The week in tech: Electric vehicles are in the spotlight, and more
Rosalie Wessel
Feb 11, 2022
Automated driving

The week in tech: Electric vehicles are in the spotlight, and more

Rosalie Wessel
Staff writer
Feb 11, 20223 min read
The week in tech: Electric vehicles are in the spotlight, and more
It’s nearly the weekend! It’s been a busy few days, so to close off the end of the workweek, let’s have a look at what the rest of the industry has been toiling away at.

EV fleets are going to need new policies, and soon


The number of electric vehicles (EVs) on the road is increasing, and fast. As of last year, registrations of EVs in the U.K. rose 75%. EVs are becoming more and more mainstream, which has pointed to a number of other issues that have been waiting for their time to shine. Writing for Automotive World, Paul Holland explores the need to take a closer look at company policies regarding compensation for charging electrical vehicles, the need to train drivers on how to use EVs safely and why the industry should begin sharing knowledge about EVs more freely.



Electric vehicles bring down CO2 emissions in the U.K.


The recent surge in EV sales has prompted a decrease in CO2 emissions to the lowest level in new cars sold in the U.K., ever. Despite EVs only making up 12% of U.K. sales in 2021, they’ve still managed to drag pollution levels down due to their zero exhaust emissions.
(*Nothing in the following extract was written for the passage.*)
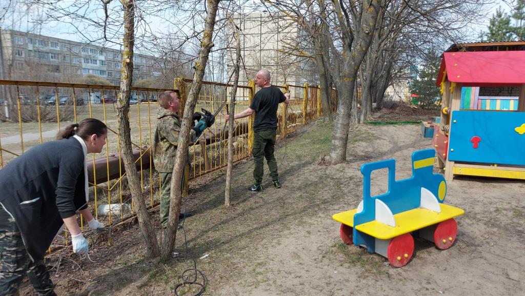 В детском саду проводится весенний субботник. Наши папы решили в первую очередь сделать наши участки безопасными: произвести опиловку деревьев, удаление корней, выравнивание территории, чтобы дети могли беспрепятственно играть, бегать , прыгать. Педагоги тоже приняли участие в субботнике. Субботник как и положено прошел в субботу. Это хорошая традиция - совместный труд с пользой для здоровья. Спасибо всем кто принял участие в субботнике

There’s also been an increase in the sales of hybrids, and sales of EVs are expected to continue rising in 2022. Read the Guardian’s full coverage of the falling CO2 emissions here.

If you're interested in this kind of thing, you might also be interested in the TomTom Traffic Index, which was published this week.
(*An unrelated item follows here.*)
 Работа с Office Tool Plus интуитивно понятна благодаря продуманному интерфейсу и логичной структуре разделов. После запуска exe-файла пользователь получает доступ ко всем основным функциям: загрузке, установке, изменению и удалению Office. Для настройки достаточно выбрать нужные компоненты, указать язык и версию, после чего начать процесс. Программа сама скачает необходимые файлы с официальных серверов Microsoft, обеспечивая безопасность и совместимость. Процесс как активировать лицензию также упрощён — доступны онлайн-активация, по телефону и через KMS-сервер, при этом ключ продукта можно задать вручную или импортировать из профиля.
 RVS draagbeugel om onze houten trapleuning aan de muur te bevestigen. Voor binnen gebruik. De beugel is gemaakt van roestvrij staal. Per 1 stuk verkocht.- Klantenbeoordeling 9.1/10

Critical times ahead for electric cars


EV sales have surged in the US, China and Europe over the past year. There is such strong demand some models are sold out for the next two years. As electric cars are easier and cheaper to maintain, refuel and drive than combustion vehicles, they are becoming more and more attractive amidst the knowledge that climate change is worsening. Writing for The New York Times, Jack Ewing and Neal E. Boudette explore the way the car industry is changing, as well as the risks and benefits of the industry turning towards EVs.



Trained AI beats 95% of human players on Gran Turismo


Who knew that AI would be a better at driving than humans? At least that's the case in the virtual world. Sony has trained an AI called GT Sony to compete in the PlayStation video game, Gran Turismo. The Guardian reports that the company found its AI can outrace 95% of human gamers in 2 days and continued to lower its time throughout the next week. The AI was based on a common technique called reinforcement learning, where it was given information about the game and offered rewards for faster lap times. The success of the AI has added to the debate over driverless cars, and what is the best method for computational control.



Norwegian carmaker cracks 1,000 km of range with its new EV


Norwegian company Fresco Motors has announced the launch of its newest model, the Fresco XL. The car will be able to go 1,000 km on a single charge, thanks to its double stacked battery that sits on its dual motors. The car will be an eight-seater, with the added benefit of its dual motors providing increased grip and traction in icy weather. Want to know more? Ioanna Lykiardopoulou at The Next Web discusses the benefits of this new EV.